昨今、日本では高齢者の自殺が増えている一方で、日本一自殺が少ないことで話題となっている街があります。今回、メルマガ『まんしょんオタクのマンションこぼれ話』の著者で一級建築士及びマンション管理士の廣田信子さんは、そのコミュニティの「秘密」を解き明かしています。
日本一自殺が少ない町「海部町」のコミュニティ
こんにちは!廣田信子です。
2013年11月に発表したマンションコミュニティ研究会の本、『これからのマンションコミュニティはこの一冊から「集まって住むってステキ!」』の中で、私は、目指す都市型コミュニティの形ということで、日本一自殺が少ない町、徳島県「海部町」のコミュニティを紹介しました(「海部町」は、今は市町村合併で「海陽町」の中にあります)。

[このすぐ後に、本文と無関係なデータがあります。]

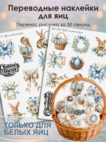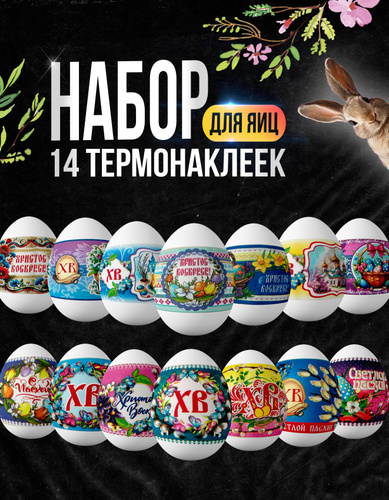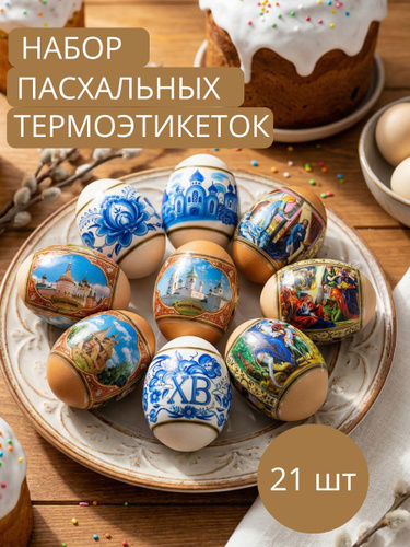 Термонаклейки для яиц пасхальные, набор 21 этикетка

岡檀(おか・まゆみ)さんの研究論文を読んで感動した話です。
今でも鮮明に覚えていて、マンションのコミュニティを考える場合の私の原点です。
10年が経過し、地元の自治体で、岡檀さんの講演があると言うので、聞きにいきました。
慶應義塾大学大学院 健康マネジメント研究科 特任准教授、一橋大学 経済研究所客員教授になっていらっしゃいました。
変わらないお話に心魅かれました。
久しぶりに、「海部町」のコミュニティを紹介したいと思いました。
自殺率は、コミュニティの性質と深い関係があるといいます。
一見、人間関係が濃い地方の方が、自殺率が低いと思われますが、実は、そうではないのです。
海部町には、「病、市に出せ」という格言が伝わっています。
悩みは、一人で抱え込まないで、周りの人に開示して助けを求めよというものです。
それが、回りまわってみんなのためになると自然に思われているのです。
ですから、海部町では、「がん」になっても、「うつ」になっても周りに隠しません。
みんなで悩みを共有してサポートするのです。
でも、これは意外に難しいことです。
近い関係ほど、弱みを見られたくない、迷惑を掛けたくないという心理が働き、一人で悩みを抱え込んでしまいがちです。
なぜ、海部町の人は周りに助けを求められるのか…です。